Visible to the public CRII: SaTC: Camera-based mobile device end-user authenticationConflict Detection Enabled

Project Details

Performance Period

Jun 01, 2015 - May 31, 2018

Institution(s)

SUNY at Binghamton

Award Number


Secure and useable end-user authentication is a major challenge in a modern society that allocates and relocates more and more resources online. As many users nowadays carry a mobile device (e.g., a smartphone), authentication approaches beyond the often-criticized traditional password leverage auxiliary information that can be received by, displayed on, computed by or sent from these omnipresent personal companions. Such multi-factor authentication schemes have the benefit of relying on a combination of "something the user knows" with "something the user has," but are typically only tied to data stored on or sent to the auxiliary device, rather than to the device itself. The goal of this research is to enable practical authentication based on hardware characteristics of consumer-grade mobile devices by transforming the idea of "something the user has" from intangible software artifacts to physical properties of the device, without the need of dedicated internal or external hardware or circuitry in place.

The project focuses on a novel authentication modality based on inherent physical hardware properties in the form of device-specific, unavoidable and unclonable manufacturing imperfections of the smartphone's digital camera sensor.
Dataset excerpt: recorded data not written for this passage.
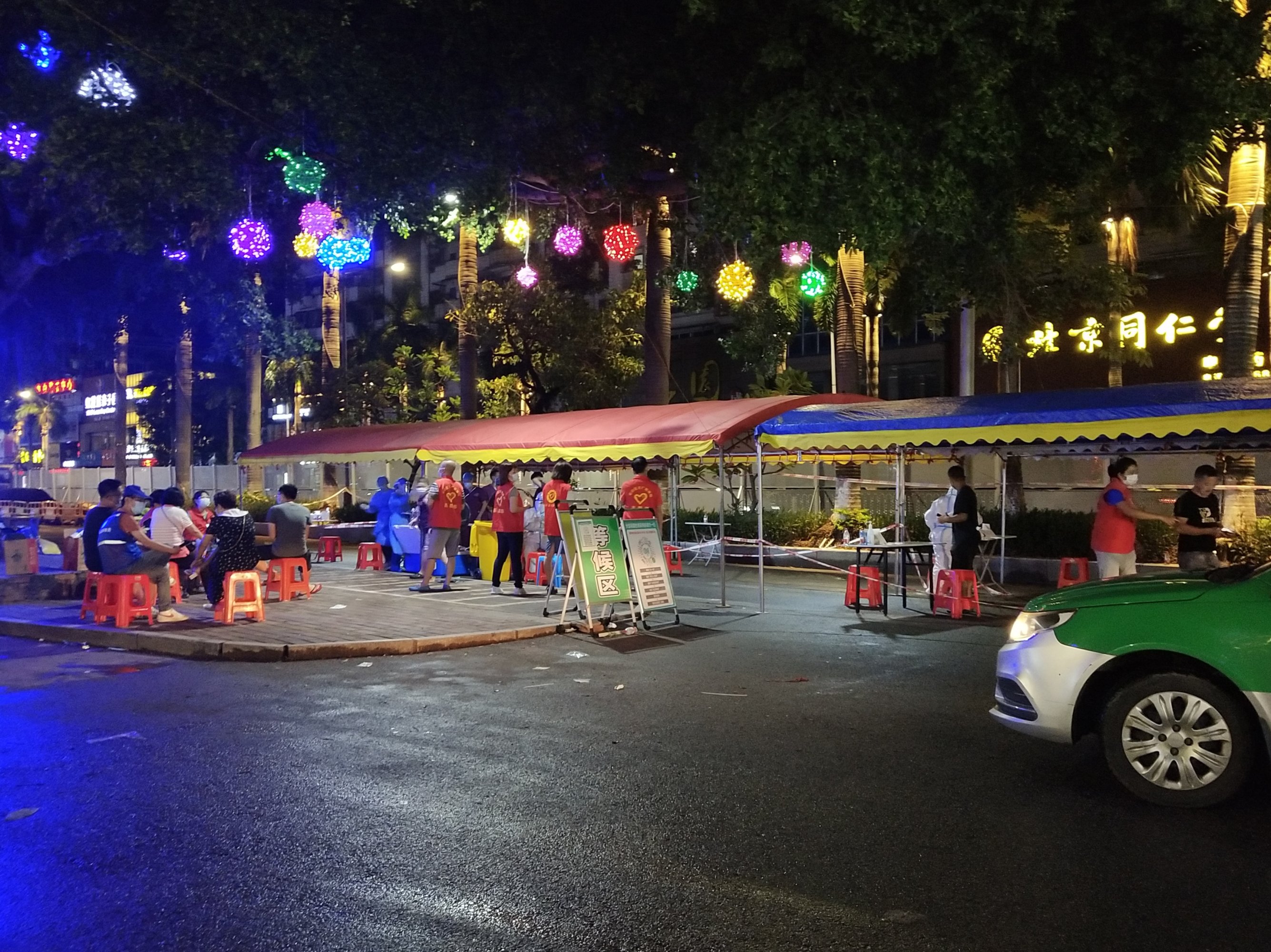 我特意在10点半钟后去看了看,有好些点诂计也没什么群众在排队,而医护与工作人员等逐渐收拾东西等待离场,而有些检测点还有零星个别群众还在做,所以,,而有些已离场的医护等人员,诂计是较远的?在会堂那边会合,有些诂计是较近的就扫辆共享,会堂那里有大巴与出租车停靠,这么晚了,我也不可能跑去看更多检测点,也不可能一一观看一一道来,只能简要顺便顺路走马观花而己,
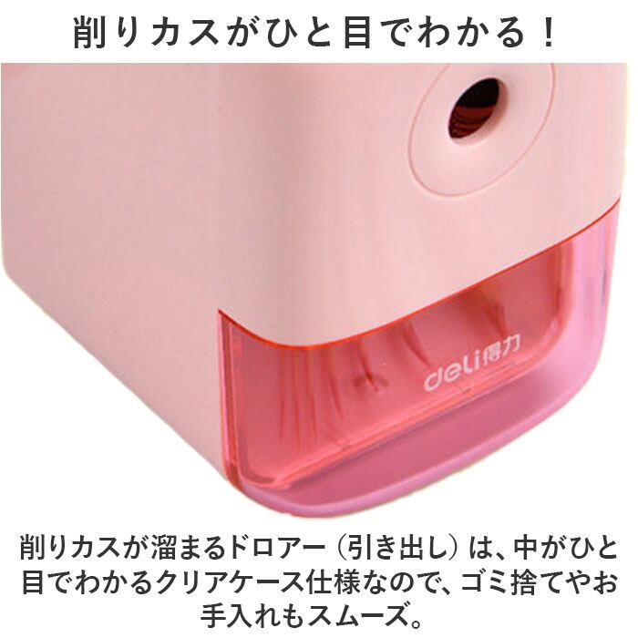 ・削りカスが溜まるドロアー(引き出し)は、中がひと目でわかるクリアケース仕様なので、ゴミ捨てやお手入れもスムーズ。
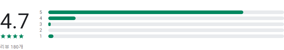 앱 평점 및 별표 1, 2, 3, 4, 5개 리뷰의 개수에 따라 표시되는 막대그래프는 앱의 평가 횟수가 매우 적은 경우가 아니라면 사용자 리뷰의 전체 기간 평균값이 아닌 앱의 현재 품질 평점을 바탕으로 합니다.
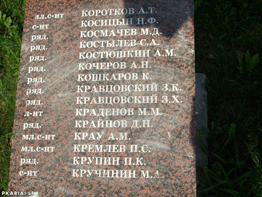 Воинское кладбище города Пренай (Литва), на котором я принимал присягу, и где похоронен командир звена 1 АЭ 15 ИАП Краденов Михаил Михайлович, сбитый на взлёте с аэродрома Пацунай (около 10 км от г. Пренай) штабным звеном III./JG53 в промежутке с 17:43 до 17:48, 22 июня 1941 года.

These "sensor fingerprints" can be extracted from probe images displayed to and captured by the user's smartphone in an authentication protocol. At the technical level, a major requirement of an effective sensor-based authentication scheme is leakage-resistance, i.e., adversaries shall not be able to infer the authentication modality from public images acquired outside of the authentication protocol. In this framework, the project integrates techniques for leakage-resistant fingerprint generation and verification, fingerprint re-use across multiple authentication instances, efficient fingerprint storage, and fingerprint quality assessment. By putting ideas from the area of media forensics on the map of an established field of security research, the project will pave the way for novel perspectives in both domains.